After A Passage to India the novels ceased. I’ve read various theories as to why, for example his late flowering discovery of physical love somehow stifling his ability to write. There were a few short stories, of course, and I’ve been working through as many of these as I can get my hands on. Some of them are brilliant – such as the delightful The Celestial Omnibus and the amazingly slashy Story of a Panic – while The Machine Stops is an incredible piece of science fiction which predicts the world of the webcam and the ipod. But I knew there were some stories I’d not tracked down so, when I came across The Life to Come and Other Stories, I was really excited. This collection contains some of Forster’s hitherto unpublished gay fiction: better than that it contains a highly informative introduction by Oliver Stallybrass.
His theory about why EMF had given up writing novels is simple, and based on the writer’s letters. What he wanted to write was unpublishable at the time and what was pubslishable he didn’t want to write. He still worked on short stories, with varying degrees of success in terms of getting them accepted, and some of these were evidently for his own gratification. A number of these “indecent” stories were destroyed, as he believed they were inhibiting him artistically (what a loss!). What remains, and has made it into the collection, are some extraordinary pieces.
Consider Maurice. Would you imagine its writer constructing tales in which a respectable married couple meet a couple of sailors at the seaside and each go off for a bit of rooty-tooty in the bushes? Or a widower having a liaison with an amateur rent boy in the woods of the house where he’s a guest? Where the son of a late Romanic English family undergoes the “rape turns to love” trope? Or a son of the empire indulges in a liaison with a man of mixed race – a man he vilifies in public, behind his back – then kills his lover during sex, after which he commits suicide?

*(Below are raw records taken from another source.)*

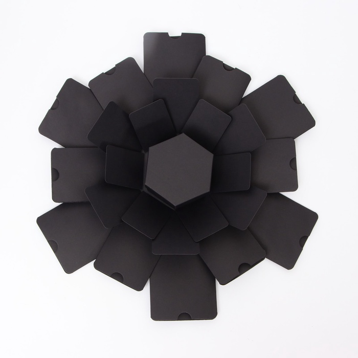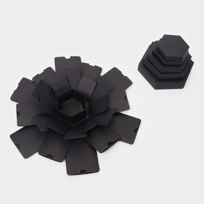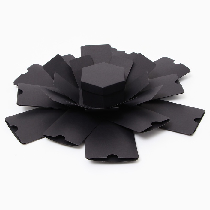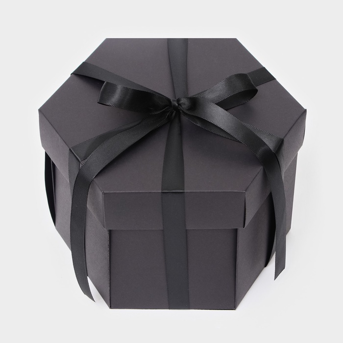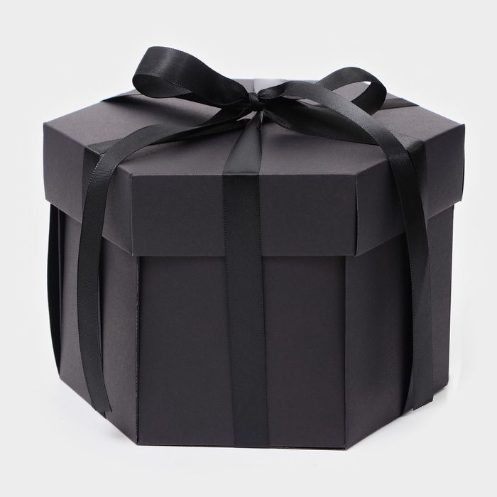 Драматичное раскрытие для стильного подарка! Чёрная коробка-раскладушка с контрастной лентой — это интерактивная упаковка, создающая атмосферу таинственности и элегантности. Момент раскрытия шестиугольных створок превращает вручение подарка в запоминающееся событие.
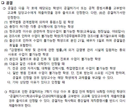 ※ 공결신청서는 아래의 명시된 사유일 경우에만 제출이 가능합니다.
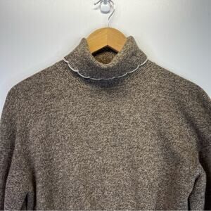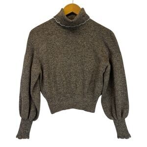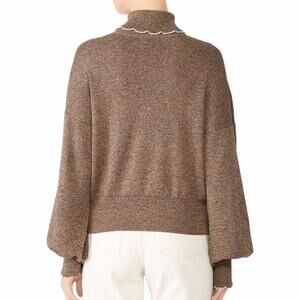 See by Chloé Chestnut Turtleneck Sweater in brown. Crafted from soft knit fabric, it features a classic turtleneck and long, voluminous sleeves that add effortless drama to the relaxed silhouette. Delicate scalloped trim details lend a sweet, signature finish, making this sweater a standout choice for both comfort and style on cooler days.
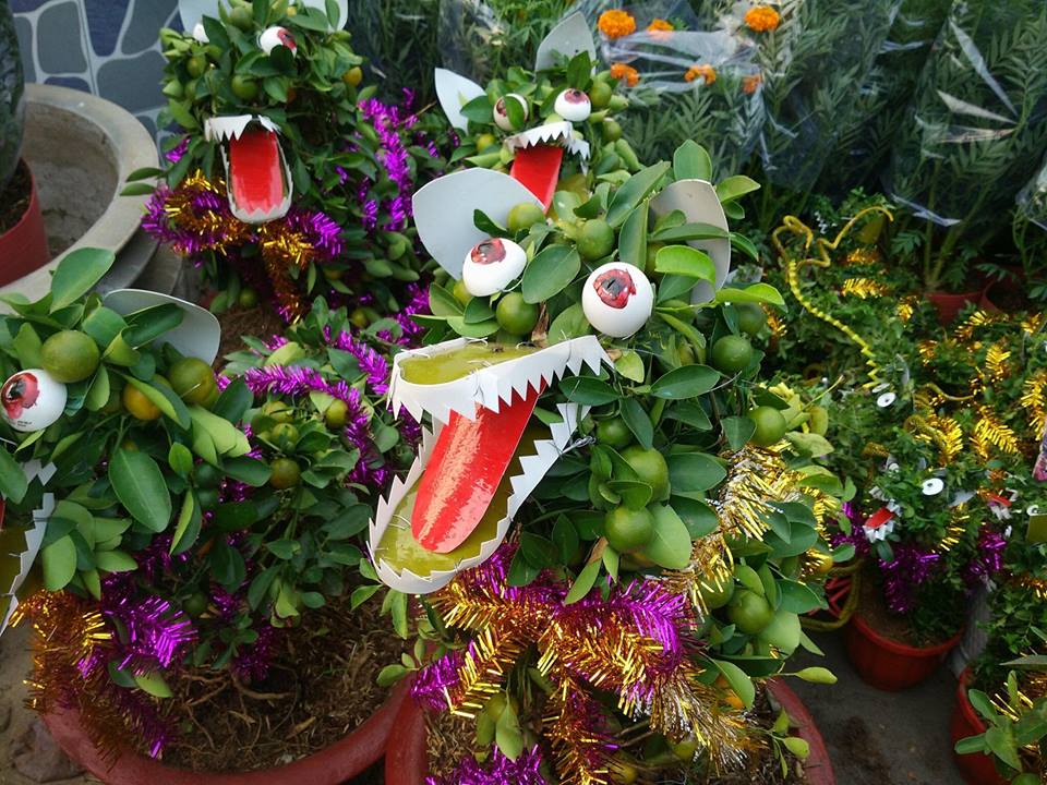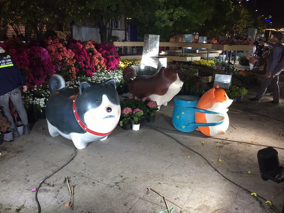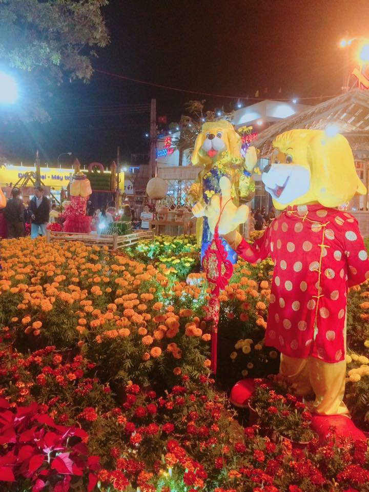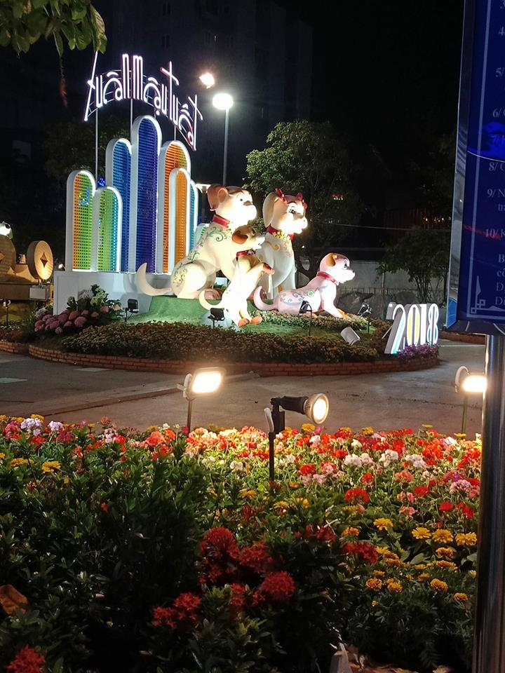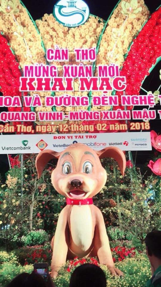 Tết năm con cún nên đi đến đâu cũng thấy các mô hình này xuất hiện. Ngay dưới dải hoa là hình ảnh các chú chó cao lớn khổng lồ. Từ đường hoa Nguyễn Huệ (Sài Gòn) cho đến Bạc Liêu, Cần Thơ, Cam Ranh đều có những chú chó đáng yêu đứng gác. Con nào con nấy đều có vẻ mặt đáng yêu, được trang trí thêm nhiều loại hoa văn sặc sỡ nhìn hết sức ngộ nghĩnh, đáng yêu muốn xỉu.

As a reader I was surprised at what I found – so out of keeping with the rest of the canon – although given what I’ve read about Forster, I should have known better. There are a number of echoes in these tales of his life and his desires; do look them out if you can.

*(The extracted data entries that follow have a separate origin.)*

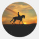 Vous pouvez aussi customiser ces autocollants ! Un beau lever de soleil et un dressage cavalier et cheval sont silhouettés à la lumière.
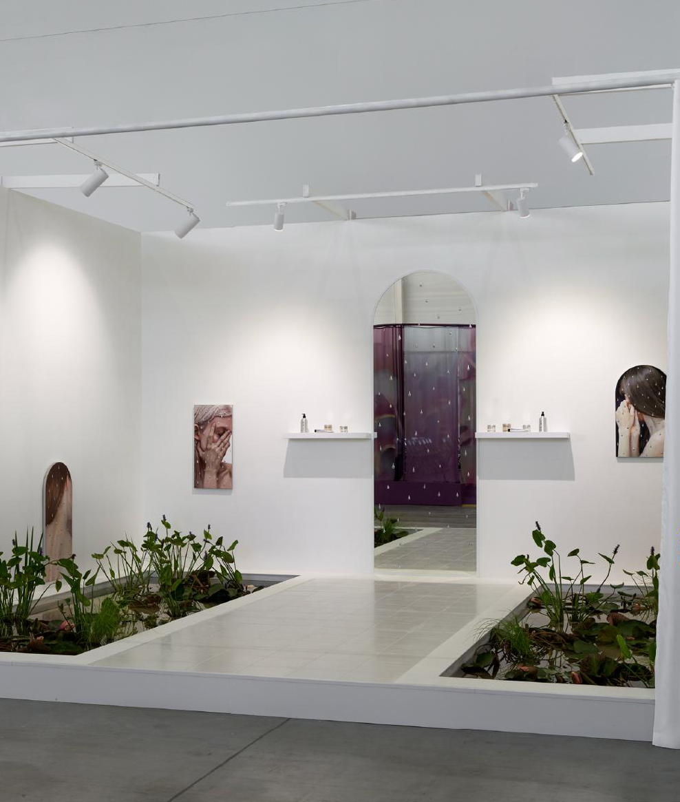 Инсталляция «Наедине» — совместный проект бренда The Act и художницы Марии Катьяновой. Коллаборация отсылает к интимной территории ванной комнаты — метафоре уединения, где время с собой становится источником силы, а ежедневный уход — актом любви и расслабления. Ванная комната превращается в «интимное убежище», где растворяются тревоги, остаются только ты, твое тело и тишина. Художница создала серию полотен, фиксирующих переход из внешнего во внутреннее: жесты прикосновений и эфемерные образы.
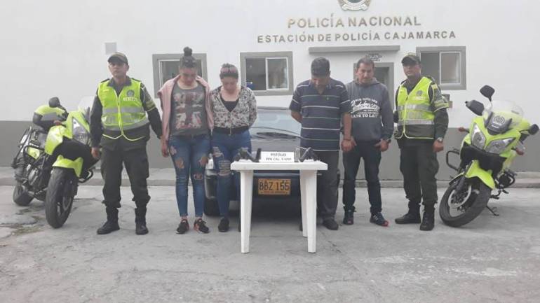 Entre los aprehendidos se encuentran Lorena Sofía Cruz, Edna Alejandra Sánchez, Julio Cesar Rodríguez y Hernández López quienes quedaron a disposición de la Fiscalía 43 local de Cajamarca por el delito de tráfico, fabricación y porte ilegal de armas de fuego y municiones.
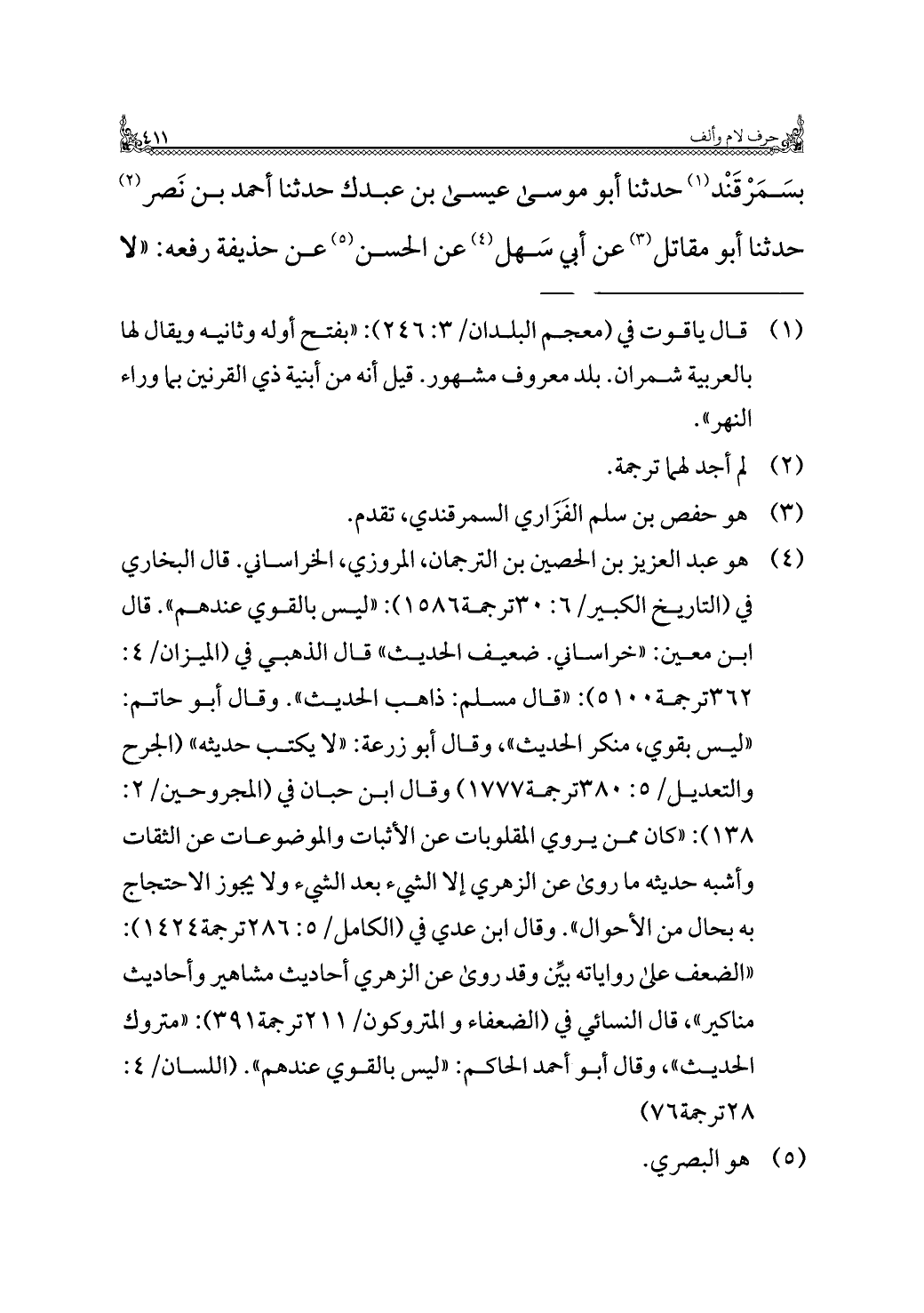 بسَمَرْقَنْد (¬١) حدثنا أبو موسى عِيسَى بن عبدك حدثنا أحمد بن نَصر (¬٢) حدثنا أبو مقاتل (¬٣) عن أبي سَهل (¬٤) عن الحسن (¬٥) عن حذيفة رفعه: "لا
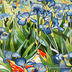 Очень тонкая, изысканная вышивка Ву Хуанг. Спокойные и вместе с тем яркие и сочные тона зеленого и синего шелка дарят гармонию, умиротворение, нежность, располагают к созерцательному настроению. Ирисы по древней философии фен-шуй - жизнь, не знающая старости. Оформление картины(багет), может отличаться от представленного на сайте.
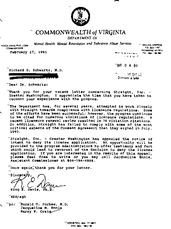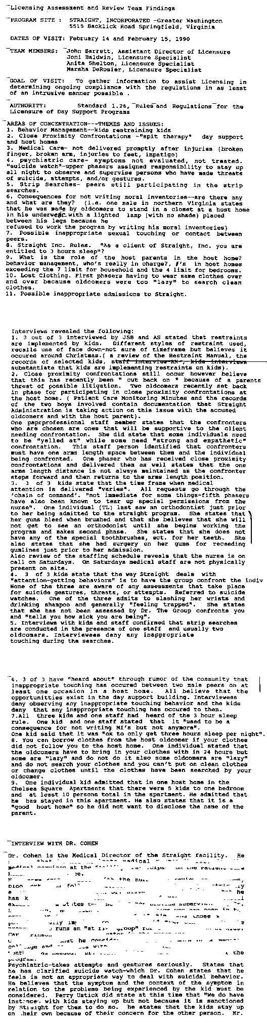 Virginia Dept. Mental Health letter of Sept 6 , 1989 from Joni Baldwin cited Straight for violation of human rights by refusing contact with one's family. Dept Mental Health site inspections Jan 24/ 27 & Feb 2/6 1989 found that eight clients had been deprived of toilet facilities by upper phasors. Straight was cited for using clients to supervise and restrain other clients, for using inappropriate punishment for not writing MIs such as deprivation of nutritionally balanced meals, for spot light therapy-sleep deprivation, for not allowing clients access to their parents, for strip searching clients in the presence of peers. Dept Mental Health, letter on 6-13, 1989 to Straight noted that clients restrain other clients by lip pushing, thumb bending, and forcible arm bending. Straight was advised that clients acting as volunteers do not have qualifications appropriate to render physical restraints. Judge Donald Crounse, a Fairfax Virginia judge, had to file a Writ of Habeas Corpus in order to visit his own son in Straight (1982 or 1983).

September 28, 2011 at 9:10 pm
Hi, it’s Satanassa here, following from LJ.
Yeah, I’d read these stories a long time ago, when I was in high school. They were in the collection ‘A Life to Come and other stories’. That museum statue story is a hoot! ‘The Other Boat’ is absolutely fantastic.

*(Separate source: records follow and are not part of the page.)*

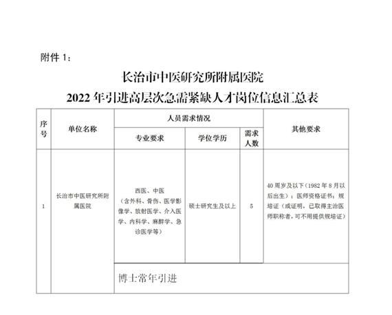 山西省長(zhǎng)治市中醫(yī)研究所附屬醫(yī)院2022年引進(jìn)高層次急需緊缺人才5名
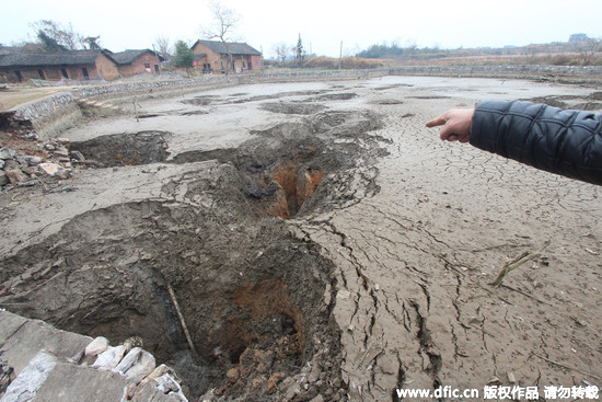 據《中國網》報導,當地居民表示,早上起來發現家裡的魚塘連魚帶水都「沒有了」,村內幾十口井也都乾枯、水倒入也都看不見蹤影,還有人去菜園拔菜差點掉入塌陷的洞中,幸好攀住洞的邊緣,才幸免於難。
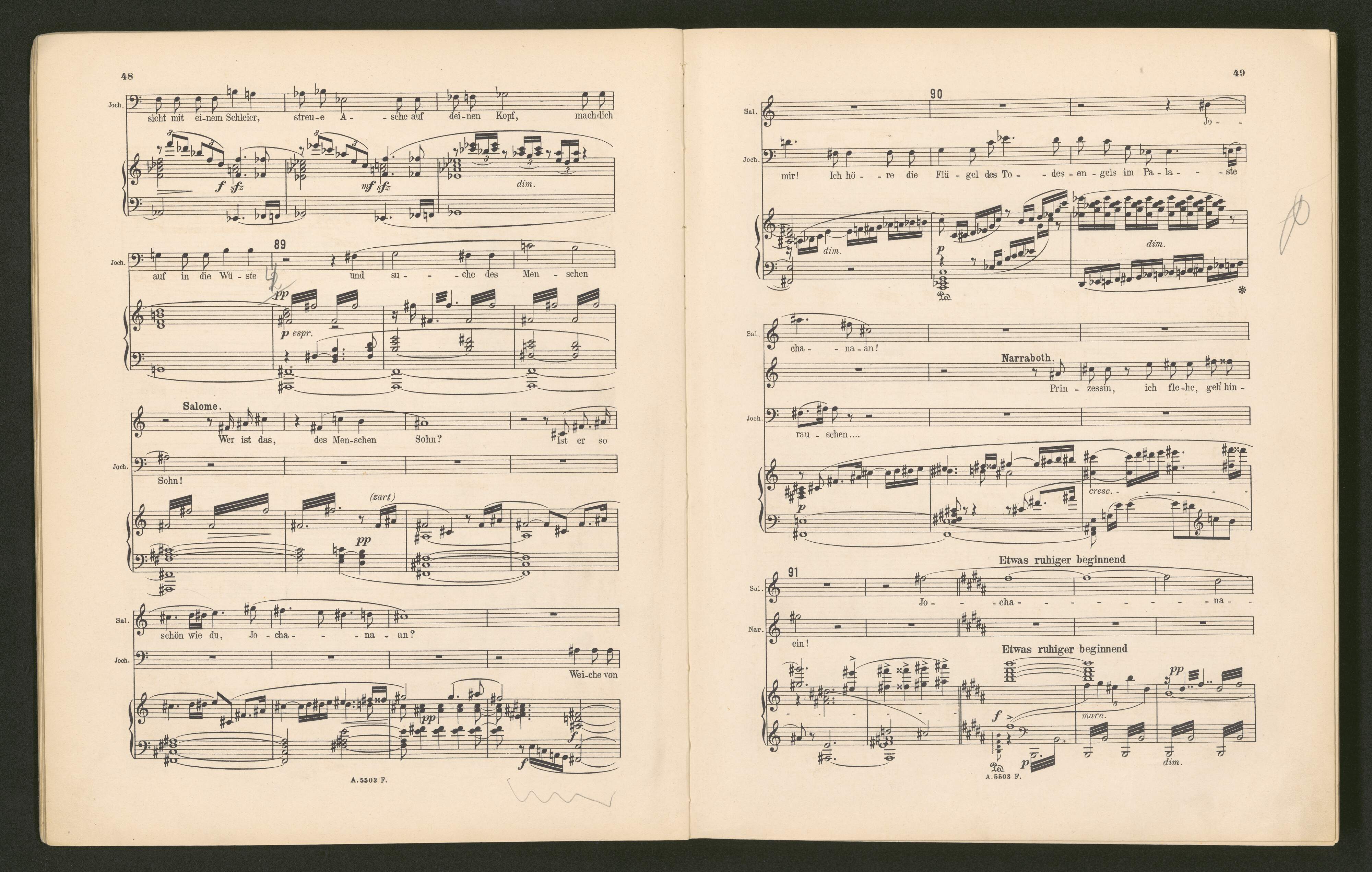 [title page:] Das Recht der Aufführung ist vorbehalten. | DR. RICHARD STRAUSS. | Meinem Freunde EDGAR SPEYER. | SALOME. | Drama in einem Aufzuge | nach OSCAR WILDE'S gleichnamiger Dichtung | in deutscher Übersetzung von Hedwig Lachmann. | Musik | von | RICHARD STRAUSS. | Op. 54. | Klavier-Auszug mit Text | von | OTTO SINGER. | Preis M. 16. - netto. | Eigentum des Verlegers für alle Länder. | BERLIN W. | ADOLPH FÜRSTHNER. | Alle Rechte vorbehalten. | Copyright including Right of Performance 1905 by Adolph Fürstner. | A. 5503 F. | C. G. Röder G. m. b. H., Leipzig. 3015. 05

September 29, 2011 at 7:52 am
Hi there, toots! You were lucky to run across them so early. I love the museum story (just reread that last night) especially the end bit about the wrestling lesson.
The Other Boat is very clever and perceptive, if a touch too dark for comfort.
There’s one story I can’t run to ground, which is supposed to be about two men having a baby. Have you seen that one?.
September 29, 2011 at 8:06 pm
I read both ‘Maurice’ and ‘A Life to Come and Other Stories’ when I was in high school, thanks to the British Council Library in my home city (had to change buses to get there and could only check out four books at a time, but it was worth it). The good thing is that since Forster had a ‘respectable’ reputation due to ‘Passage to India’ and ‘Howard’s End’ etc (I read these too), I could openly read the gay novels at home without anybody getting offended! I didn’t really know anything about homosexuality at that time — but I could appreciate the themes of yearning and tenderness in his stories.
I’ve also read ‘The Hill of Devi’, but enough about me….
Don’t remember the two men with a baby one, so I can’t help you there.
September 30, 2011 at 11:55 am
If I ever track it down I’ll let you know.
An yes, EMF is a highly respectable choice!
September 30, 2011 at 8:43 pm
I must look these up – I first read Maurice as a teenager and ending up choosing it to study for my A-Level English Lit project. Forster’s an absolutely superb writer 🙂
October 1, 2011 at 1:11 pm
He has that Mary Renault economy with words where he can convey more in one phrase than most writers can in a whole page.
March 2, 2012 at 10:01 pm
[…] E M Forster’s gay fiction didn’t end with Maurice (historicromance.wordpress.com) […]
March 19, 2012 at 11:15 pm
Great contest. I only got the first two right but I loved learning the rest.
Please enter me into the contest, thanks.
Melanie
March 20, 2012 at 9:10 am
You’ve some how commented on the wrong entry, Melanie. (WordPress going bonkers?) I think you wanted Ava’s.